## Material provided:
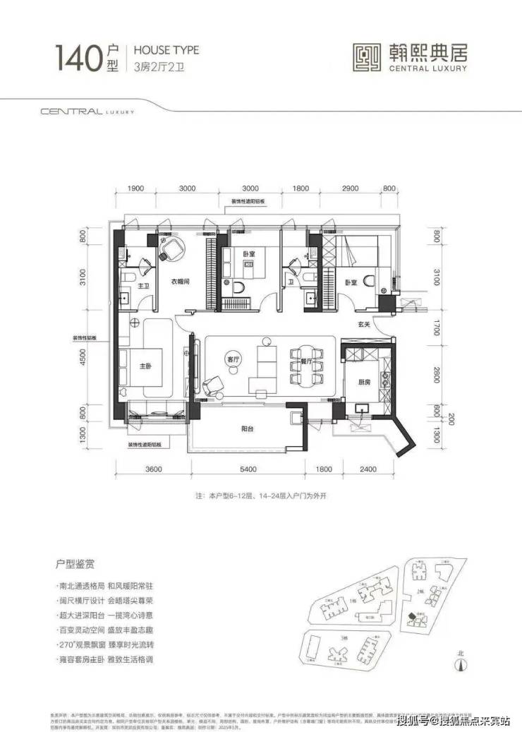 户型亮点:105㎡-120㎡-140㎡高使用率,三至四房奢阔布局
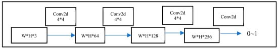 The architecture of the discriminator network in the C3GAN model is depicted in Figure 5. The first convolutional layer (Conv2d) of the discriminator has a kernel size of and a stride of 2, with 3 input channels corresponding to the RGB channels of the image and 64 output channels. After passing through this layer, the resulting feature map has a size of .
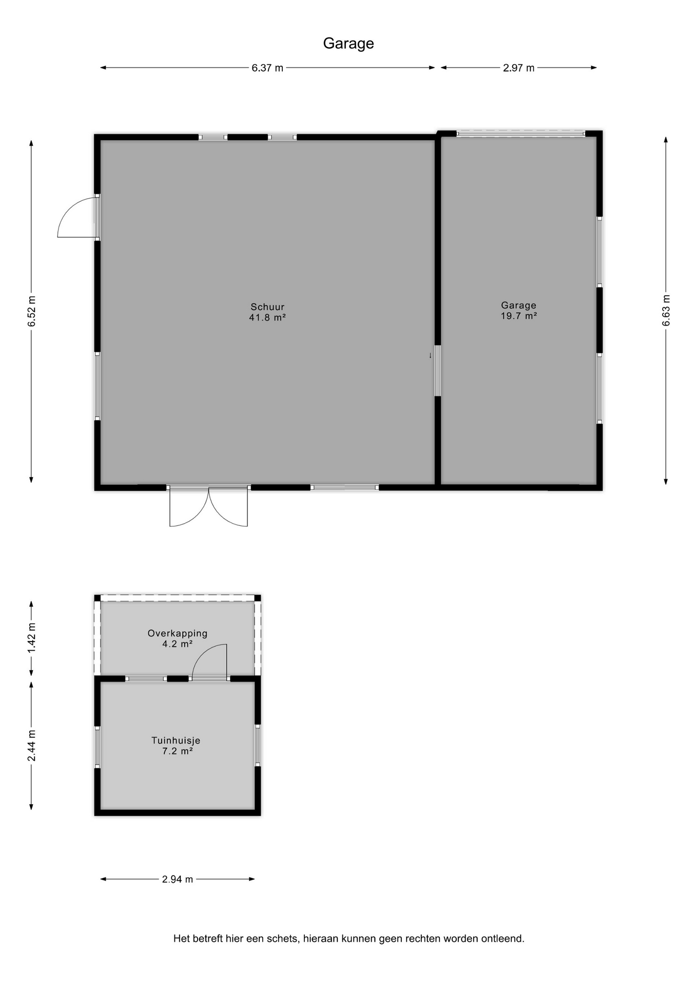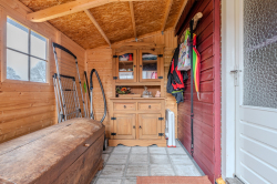 - naast de woning staat een houten tuinhuis (ca. 7.2m²) met een overkapping.
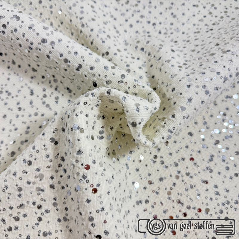 Mesh stof met zilveren pailletten ivory
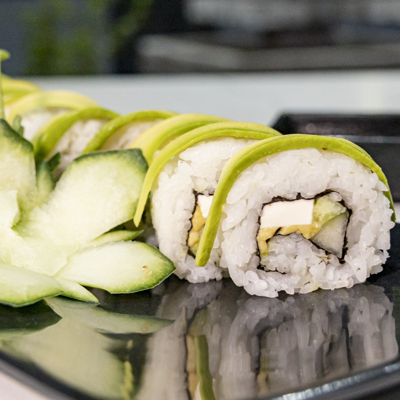 Relleno: pepino aguacate y queso crema, proteína a la elección (camarón, cangrejo, pulpo) cubierto: por alga, arroz y aguacate.
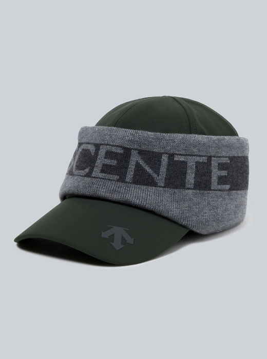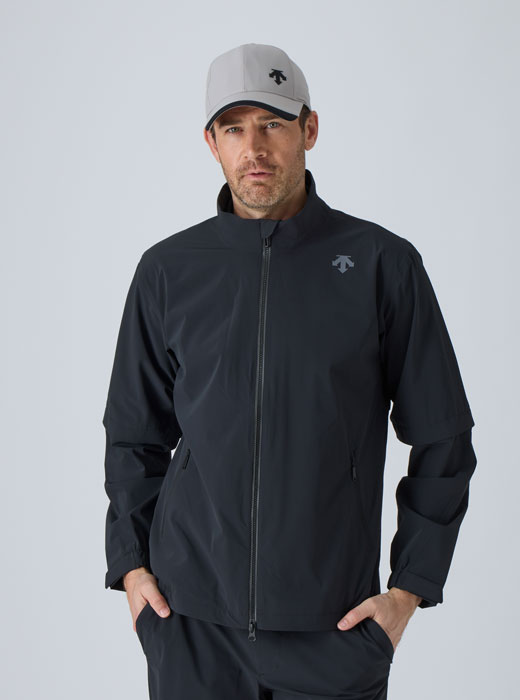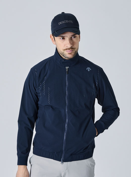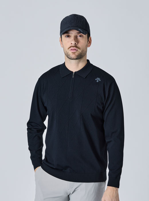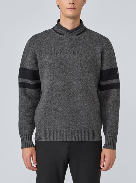 「DS(DESCENTE略称)」ロゴのモノグラム柄をジャカードで表現したフルジップセーター。
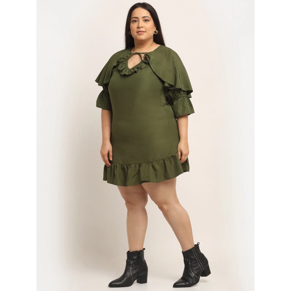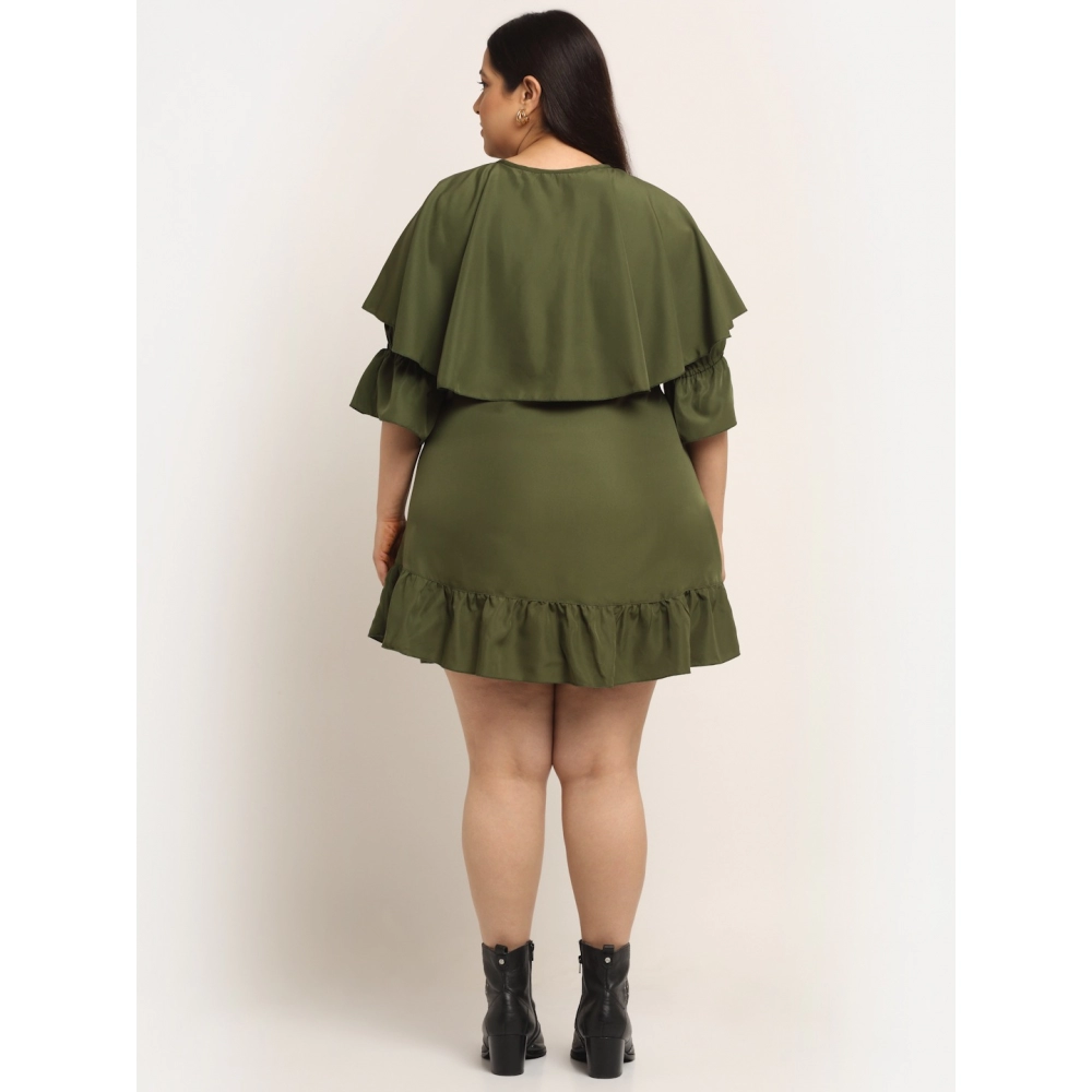 Women’s Crepe Solid Knee Length Fit and Flare Dress (Olive Green)

## Problem to work on:
With the pictures omitted, the entries are to be transcribed in full, exactly as they appear.

## Result of the task:
 户型亮点:105㎡-120㎡-140㎡高使用率,三至四房奢阔布局
 The architecture of the discriminator network in the C3GAN model is depicted in Figure 5. The first convolutional layer (Conv2d) of the discriminator has a kernel size of and a stride of 2, with 3 input channels corresponding to the RGB channels of the image and 64 output channels. After passing through this layer, the resulting feature map has a size of .
 - naast de woning staat een houten tuinhuis (ca. 7.2m²) met een overkapping.
 Mesh stof met zilveren pailletten ivory
 Relleno: pepino aguacate y queso crema, proteína a la elección (camarón, cangrejo, pulpo) cubierto: por alga, arroz y aguacate.
 「DS(DESCENTE略称)」ロゴのモノグラム柄をジャカードで表現したフルジップセーター。
 Women’s Crepe Solid Knee Length Fit and Flare Dress (Olive Green)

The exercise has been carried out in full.